The nuclide which undergoes radioactive decay is known as parent nuclide which breaks down to produce daughter nuclides.
The radioactive formula can be expressed as,
     \[R={{R}_{0}}{{e}^{-\lambda T}}\]
where,
${{R}_{0}}$ = initial quantity of the substance
R = the quantity which is remaining from the decay
T = half life of the decaying quantity
e = Euler’s number which is equal to 2.17828
$\lambda $ = decay rate
‘-ve’ sign implies the decay process.
Solving the above equation, we can say that,
     \[\begin{align}
  & \ln \dfrac{R}{{{R}_{0}}}=-\lambda T \\
 & \ln \dfrac{{{R}_{0}}}{R}=\lambda T \\
\end{align}\]
Thus,
The given illustration can now be solved;
Given data-
${{T}_{1}}$ = 300 days
${{R}_{1}}$ = 5000 dps
${{T}_{2}}$ = ${{T}_{1}}$ + 300 = 600 days
${{R}_{2}}$ = 2500 dps
Let, initial activity be ${{R}_{0}}$ dps.
Now, solving as mentioned above,
$\ln \dfrac{{{R}_{0}}}{5000}=\lambda \times 300$
$\ln \dfrac{{{R}_{0}}}{2500}=\lambda \times 600$
Solving above two equations, we get,
$\begin{align}
  & \dfrac{300}{600}=\dfrac{\ln {}^{{{R}_{0}}}/{}_{5000}}{\ln {}^{{{R}_{0}}}/{}_{2500}} \\
 & \dfrac{1}{2}=\dfrac{\ln {}^{{{R}_{0}}}/{}_{5000}}{\ln {}^{{{R}_{0}}}/{}_{2500}} \\
\end{align}$
Thus,
$\begin{align}
  & \dfrac{1}{2}\ln \dfrac{{{R}_{0}}}{2500}=\ln \dfrac{{{R}_{0}}}{5000} \\
 & \ln {{\dfrac{{{R}_{0}}}{2500}}^{{}^{1}/{}_{2}}}=\ln \dfrac{{{R}_{0}}}{5000} \\
 & {{\dfrac{{{R}_{0}}}{2500}}^{{}^{1}/{}_{2}}}=\dfrac{{{R}_{0}}}{5000} \\
\end{align}$
Now, squaring both the sides we get,
$\begin{align}
  & \dfrac{{{R}_{0}}}{2500}={{\dfrac{{{R}_{0}}}{5000}}^{2}} \\
 & \therefore {{R}_{0}}=\dfrac{{{5000}^{2}}}{2500}=10000 \\
\end{align}$
Therefore, the initial activity is 10000 dps.

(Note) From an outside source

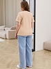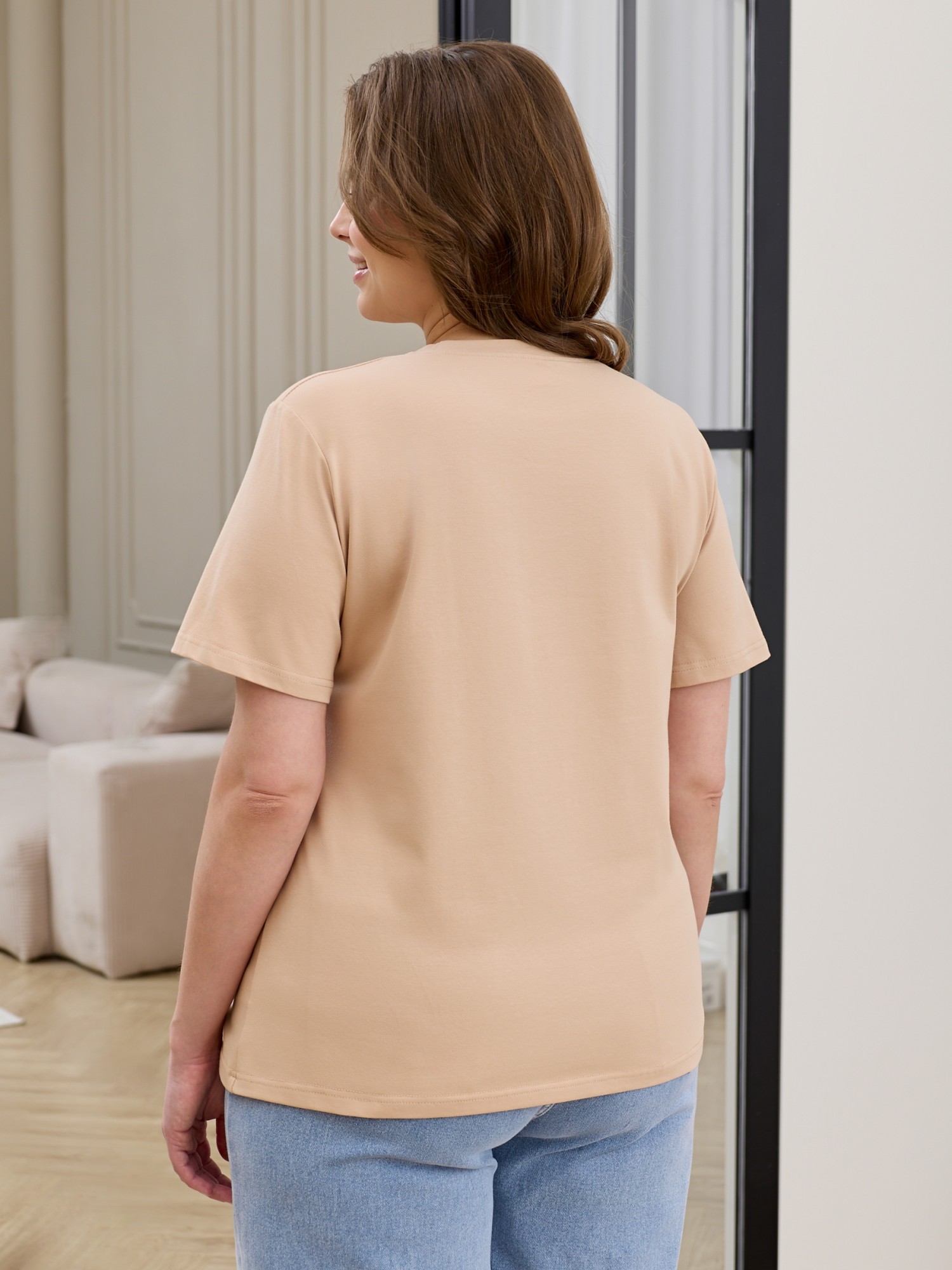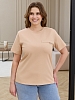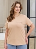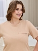Футболка женская из гладкокрашеного трикотажного полотна «кулирка с лайкрой», прямого кроя, с короткими втачными рукавами, горловиной овальной формы, обработанной втачной планкой. На полочке настрочена планка имитирующая вход в карман с декоративной нашивкой.

Hence, option (3) is correct.

Note:
Do note that the given problem is purely based on the radioactive decay and its equation. So, solve and analyse the problem properly.
No remarkable units are mentioned here, then too take specific care if any conversion unit is mentioned.